Dr. Rachel Tustin has a PhD in Education focusing on Educational Technology, a Masters in English, and a BS in Marine Science. She has taught in K-12 for more than 15 years, and higher education for ten years.
An Invisible Cake in the Sky
If you look up at the sky, either on a clear day or a starry night, it probably wouldn't occur to you that you are looking through layers. Though the atmosphere may appear uniform to the naked eye, it is actually similar to a layer cake. We live in one layer, called the troposphere, where the clouds and most of the water vapor reside. However, just above that is an equally important layer called the stratosphere.
Mapping the Position of the Stratosphere
We live in the troposphere, which is the layer of the atmosphere closest to earth. Just above that is the stratosphere, the area of the atmosphere where passenger airplanes and weather balloons fly. There are a few other atmospheric layers as well -- you can take a look at a diagram of these below.
The stratosphere begins at around 10 kilometers above the surface of the earth. This is just an estimate, however, as the lower and upper boundaries actually vary with the latitude of the earth. Around the poles, it actually begins at around 7 kilometers, whereas around the equator it can be as high as 20 kilometers. The stratosphere ends where it transitions to the mesosphere, around 50 kilometers above the earth.
On a Clear Day in the Stratosphere
While the troposphere is filled with a vast assortment of clouds thanks to a gas we know as water vapor, the stratosphere is a vast, clear blue sky. There is very little water vapor in this layer of the atmosphere, so clouds are a rare occurrence. Clouds form when water vapor condenses into a liquid, and with very little water, vapor condensation is virtually impossible.
Convection is the process whereby warm air rises and cooler air descends. While common in the troposphere, very little convection takes place in the stratosphere. As a result, it tends to trap any and all gases that enter this region of the atmosphere. For years, CFCs - a chemical used in aerosols - were transported the stratosphere via convection and became trapped there. Gases and dust from volcanic eruptions often meet the same fate, remaining trapped in the stratosphere for months or even longer.
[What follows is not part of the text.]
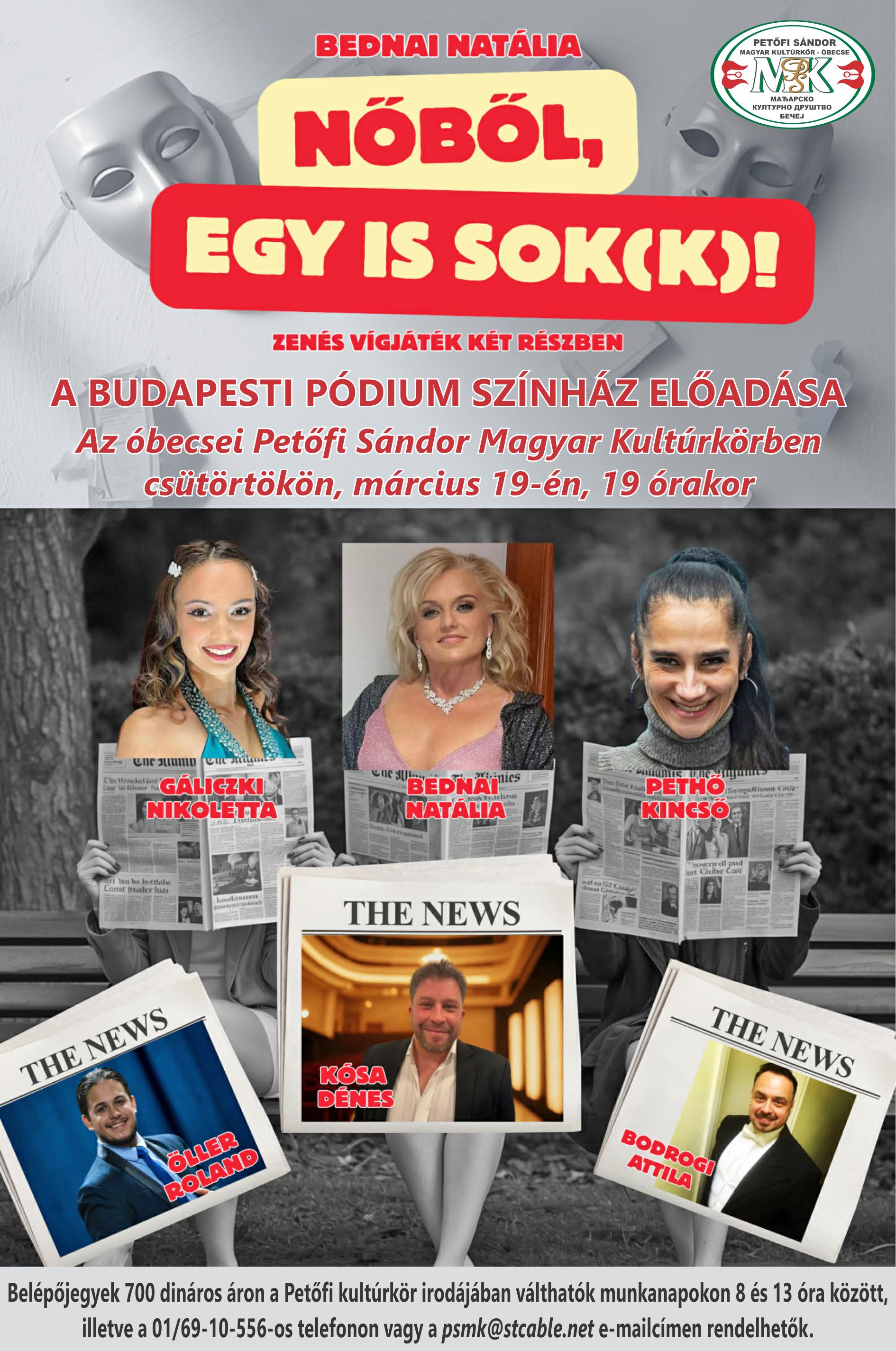 Belépőjegyek 700 dináros áron a Petőfi kultúrkör irodájában válthatók munkanapokon 8 és 13 között, illetve a 021/69-10-556-os telefonszámon és a psmk@stcable.net e-mailcímen rendelhetők. |

The Life Sustaining Properties of the Troposphere
The stratosphere is actually crucial to allowing us to live on earth, because within the stratosphere you will find the ozone layer. Ozone, which is actually a molecule made up of three oxygen atoms linked together by covalent bonds, absorbs harmful ultraviolet radiation that enters the Earth's atmosphere as part of sunlight.
When the ozone absorbs ultraviolet radiation, it actually causes another phenomenon that is used to identify different layers in the atmosphere. As you rise through the troposphere, the temperature decreases to around -60 degrees Fahrenheit. However, as you enter the stratosphere, the ozone gas absorbs the ultraviolet light entering the atmosphere from the sun. As it absorbs the UV light, it absorbs energy. This results in an increase in temperature from about -76 degrees Fahrenheit to around 5 degrees Fahrenheit. Once you leave the stratosphere, and enter the mesosphere, the temperature dramatically decreases until plummeting to around -184 degrees Fahrenheit.
The stratosphere is the second layer of the atmosphere, in between the troposphere and the mesosphere. Unlike the troposphere, it contains little water vapor so there are no clouds in this layer of the atmosphere. The stratosphere also contains the ozone layer, which absorbs harmful ultraviolet radiation as it enters our atmosphere from the sun. As the ozone layer absorbs UV radiation, it causes the temperature in this layer to increase.